Experts recommend they refrain from jumping, jump-throughs or rolling in their transition between movements, but step or crawl instead. For instance, with a move such as the sun salutation, yoga instructors recommend that pregnant women keep their chest no more 85 degrees from the floor in the forward position of the move and place their hands in front of their feet as opposed to the sides. Also, they recommend avoiding extreme twists which could cause placental abruption, poses that press the heel of the foot into the uterus while sitting or seated in the lotus and half-lotus positions unless you are able to keep the position loose and not twist the knees too much.
In the third trimester, an expectant mother will increase in size and her level of fatigue will change, which means she will have to alter her yoga participation. All yoga poses that compress the stomach should be avoided and they should recognize and respond to their feelings of general fatigue. They can continue to practice yoga, but only as long as they feel up to it. Gentle stretching and breathing exercises are fine.

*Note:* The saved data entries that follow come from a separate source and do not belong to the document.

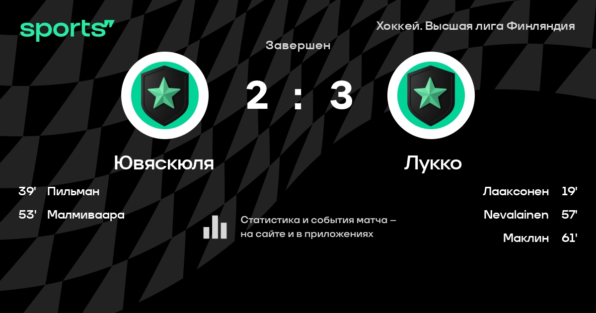 В прошедшем матче в рамках турнира Хоккей. Высшая лига Финляндия состоялась встреча команд Ювяскюля - Лукко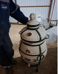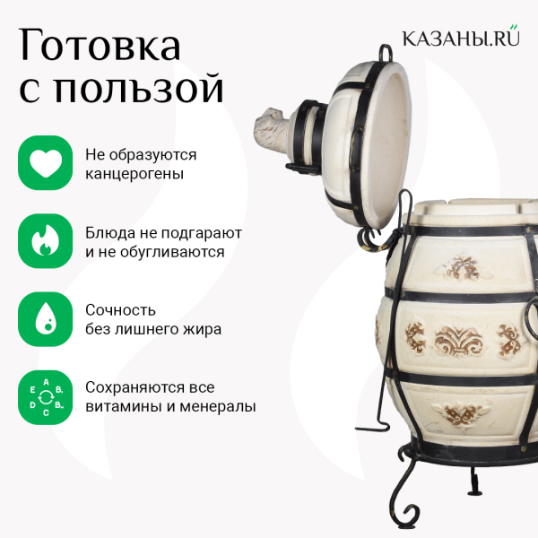 Высота печи с крышкой - 95 см, без крышки - 62 см. Диаметр жаровни составляет 56 см, горловины - 31 см. Толщина стенок - 5 см. В комплекте предлагается набор из 8 шампуров, подставка под тандыр, чугунный колосник, кочерга, совок. Модель весит около 100 кг, печь подходит для перевозки на природу. Она подойдет для безопасного пикника - в тандыре отсутствует источник открытого огня, пожар полностью исключен.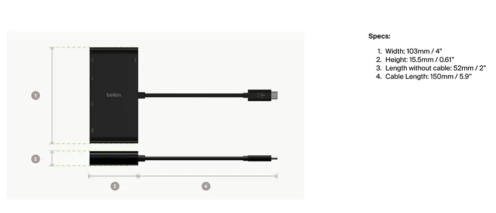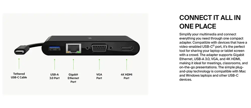 The Belkin USB-C Multimedia Adapter, AVC005 simplifies your multimedia setup with a single compact hub. Compatible with devices that have a video-enabled USB-C® port, it’s perfect for sharing your laptop or tablet screen with a crowd so it’s very convenient for meetings, auditoriums, classrooms, and on-the-go presentations.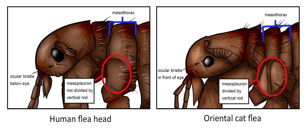 The human flea and the oriental rat flea look a lot alike at first glance and have very subtle morphological differences. Unlike the cat and dog flea, they do not have any genal and pronotal combs. The human flea has an ocular bristle below its eye, while the oriental rat flea has an ocular bristle in front of its eye. In addition, the mesopleuron of the mesothorax (second thoracic segment) of Xenopsylla cheopsis is divided by a vertical rod-like internal sclerotization, while the mesopleuron of Pulex irritans is not.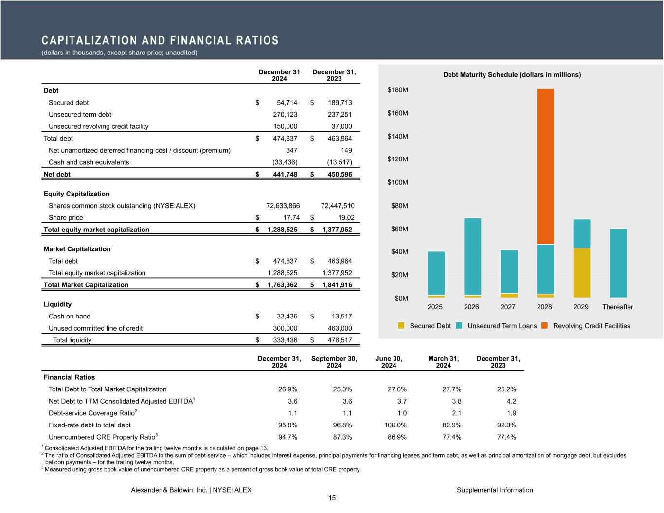 资本化和财务比率(千美元,股价除外;未经审计)2024年12月31日2024年12月31日,2023年债务担保债务54,714美元189,713美元无担保定期债务270,123237,251无担保循环信贷额度150,00037,000总债务474,837美元463,964美元未摊销递延融资成本净额/折扣(溢价)347149现金和现金等价物(33,436)(13,517)净债务$ 441,748 $ 450,596已发行普通股(NYSE:ALEX)72,633,86672,447,510股价$ 17.74 $ 19.02总股本市值$ 1,288,525 $ 1,377,952总市值$ 474,837 $ 463,964总股本市值$ 1,288,5251,377,952总市值$ 1,763,362 $ 1,841,916流动现金库存$ 33,436 $ 13,517未使用承诺信用额度300,000463,000总流动资金$ 333,436 $ 476,517 December 31,2024 September 30,2024 June 30,2024 March 31,2024 March 31,2023年财务比率总债务与总市值26.9% 25.3% 27.6% 27.7% 25.2%净债务与TTM合并调整后EBITDA 1 3.6 3.6 3.7 3.84.2偿债覆盖率21.1 1.11.0 2.1 1.9固定利率债务与总债务的比率95.8% 96.8% 100.0% 89.9% 92.0%未设押CRE财产比率3 94.7% 87.3% 86.9% 77.4% 77.4% 1过去12个月的合并调整后EBITDA在第13页计算。2过去12个月的合并调整后EBITDA与偿债总额的比率——包括利息支出、融资租赁和定期债务的本金支付,以及抵押债务的本金摊销,但不包括气球付款。3以未设押CRE财产的账面总值占CRE总财产账面总值的百分比计量。Alexander & Baldwin, Inc. | NYSE:ALEX补充信息15债务到期时间表(百万美元)有担保债务无担保定期贷款循环信贷便利20252026202720282029此后000万美元2000万美元4000万美元6000万美元8000万美元1亿美元1.2亿美元1.4亿美元1.6亿美元1.8亿美元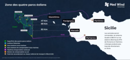 Med Wind sera un parc éolien en mer avec des turbines à haute puissance, produisant de l’énergie propre en exploitant la force du vent. Ce sera un projet hautement durable pour l’environnement : grâce à la technologie innovante « flottante », les structures seront flottantes et non fixées aux fonds marins. Le projet a été développé en tenant compte de tous les aspects de protection de l’environnement et de compatibilité avec le territoire, avec le soutien des associations environnementales. La distance par rapport à la côte évite les impacts paysagers et des mesures d’atténuation innovantes seront mises en œuvre tout au long de la vie du projet. Med Wind est l’exemple le plus avancé du modèle Renexia, pour développer une nouvelle énergie propre, créer une chaîne de valeur pour la Sicile et l’Italie et contribuer stratégiquement à la transition énergétique.

At 36 weeks of pregnancy, women should limit the number of inversion poses they perform, such as Legs Up Against The Wall, Bridge Pose and Downward Dog. These moves may alter the position of the baby in a negative manner. The only exception is if the baby is in a breech position. In those instances, these poses may actually help to turn the baby into the proper position.
Along with these recommendations, yoga experts have a few rules that pregnant women should heed when participating in yoga classes. Avoid participating in Bikram yoga, also known as “hot yoga”. Doctors recommend that pregnant women avoid extreme heat.
During the second trimester, changes in the body can alter a woman’s center of gravity, so standing poses should be done using a chair for support or against a wall to reduce the possibility of her losing her balance and injuring herself.
When bending forward, bend at the hips with the chest leading the way and extending the spine from the tailbone to the base of the skull. Using this technique makes it easier for a pregnant woman to breath. If bending forward while you are sitting, use a towel or yoga strap behind the ankles and hold the strap or towel with both hands. Again, bend from the hip and keep the chest elevated to avoid compressing the abdominal area. Keep the legs open approximately hip width to give your stomach more room.
If you perform a twisting move or pose, twist from the shoulders and back as opposed to the waist and restrict your twisting to a position that is comfortable. These precautions are to ensure that you are not putting pressure on your abdominals.
Avoid back-bends, one-leg balancing, handstands, headstands and upward bow movements.
Finally, listen to your body. This is an amazing time in your life and yoga can help make pregnancy less stressful, less discomforting and even more peaceful.